__ACTIVITY__
Your copy should match the records exactly, apart from the pictures, which stay out.

*** Opening RECORDED INFORMATION ***

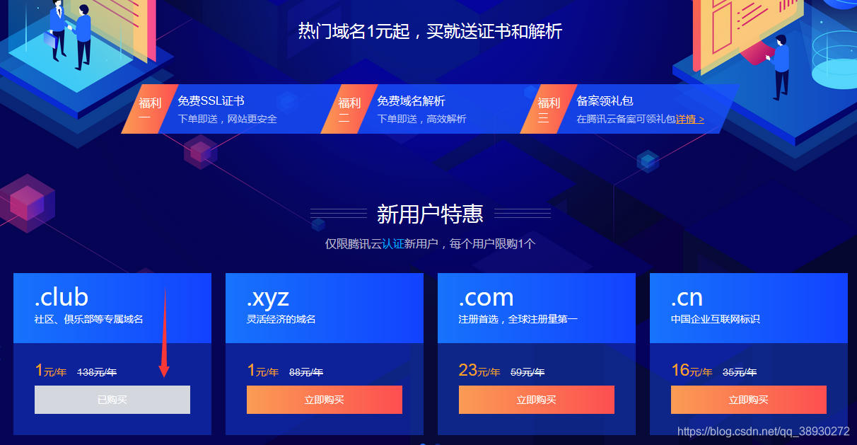 要建立个人网站,有三个必备要素:域名、服务器和程序。域名我是从腾讯云上购买的,最近刚好有活动1块钱就可以买一个域名使用一年,毕竟是打算自己用来学习的,就没有买太好的域名,选了一个.club的域名
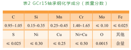 GCr15材料常用來制作室溫下工作的航空航天軸承,其化學成分見表2。
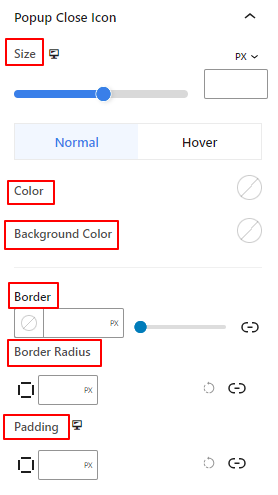 Utilice esta área de configuración para ajustar el tamaño del icono de cierre y su color, el color de fondo, el relleno y todas las configuraciones del borde.
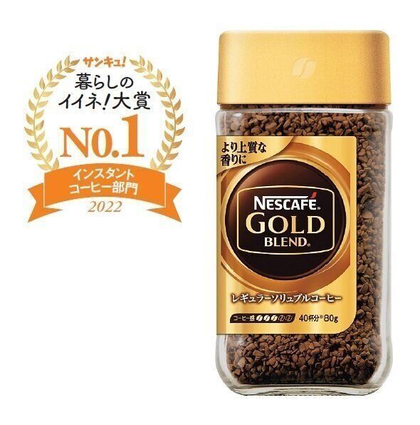 コーヒー豆の特長を最大限に引き出す独自の「スターロースティング製法」で、上質な香りと、すっきりとした後味を実現。「ネスカフェ ゴールドブレンド 80g」¥1,031/ネスレ日本
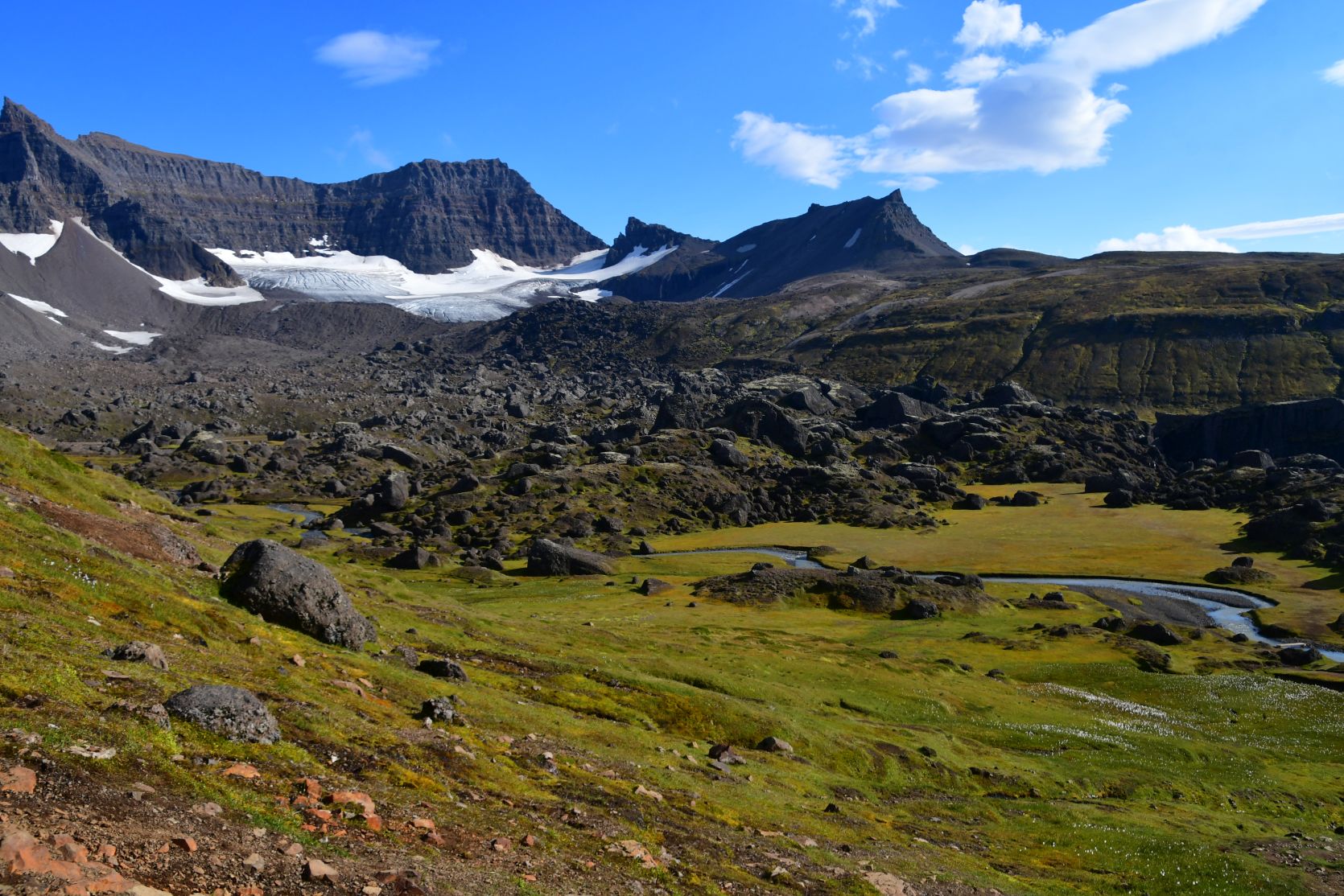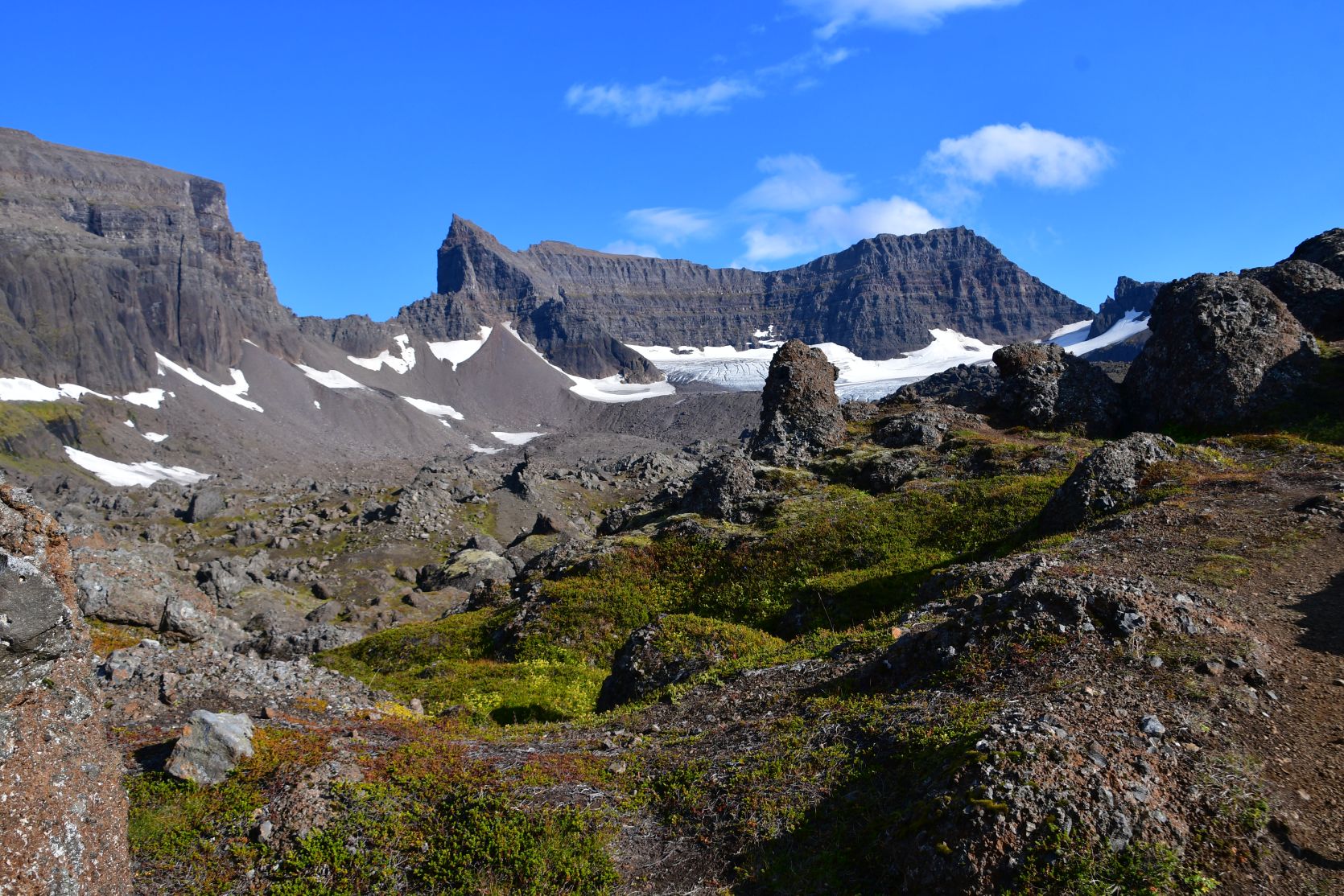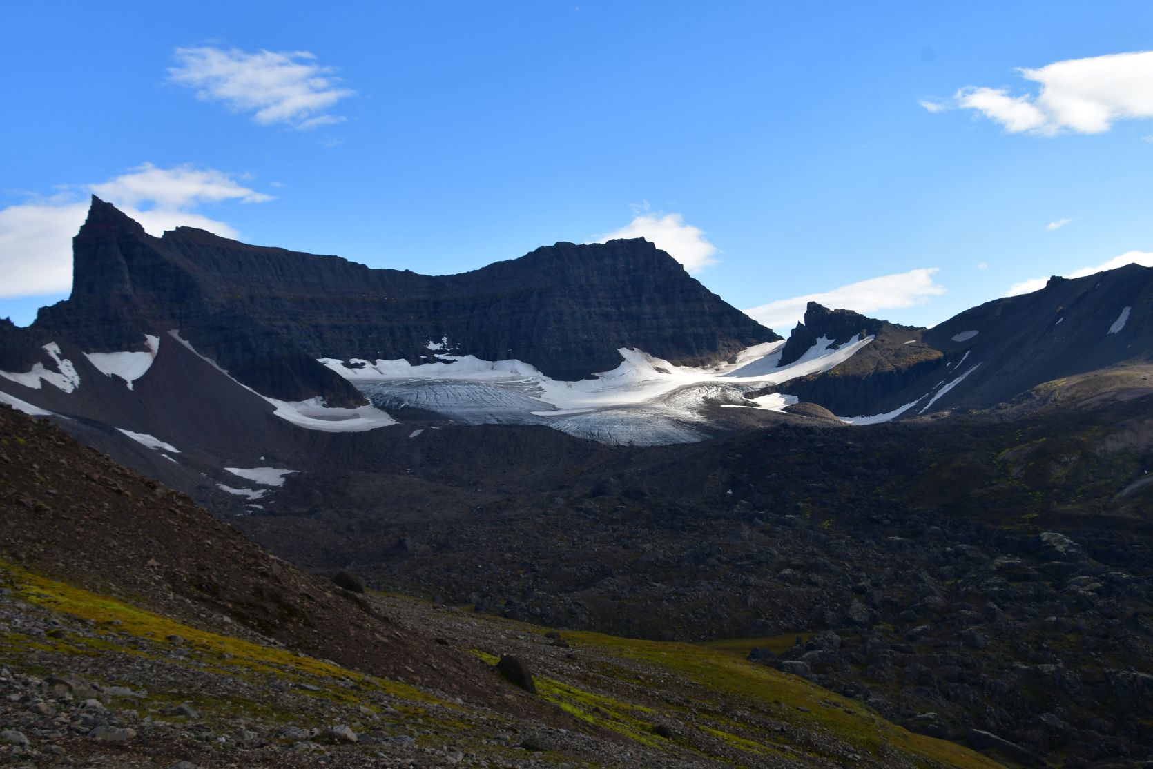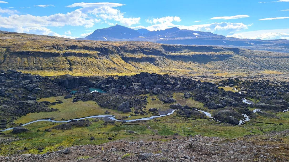 We could see Stórurð from far away, below the snowfields.

*** Closing RECORDED INFORMATION ***

__WRITTEN ANSWER__
 要建立个人网站,有三个必备要素:域名、服务器和程序。域名我是从腾讯云上购买的,最近刚好有活动1块钱就可以买一个域名使用一年,毕竟是打算自己用来学习的,就没有买太好的域名,选了一个.club的域名
 GCr15材料常用來制作室溫下工作的航空航天軸承,其化學成分見表2。
 Utilice esta área de configuración para ajustar el tamaño del icono de cierre y su color, el color de fondo, el relleno y todas las configuraciones del borde.
 コーヒー豆の特長を最大限に引き出す独自の「スターロースティング製法」で、上質な香りと、すっきりとした後味を実現。「ネスカフェ ゴールドブレンド 80g」¥1,031/ネスレ日本
 We could see Stórurð from far away, below the snowfields.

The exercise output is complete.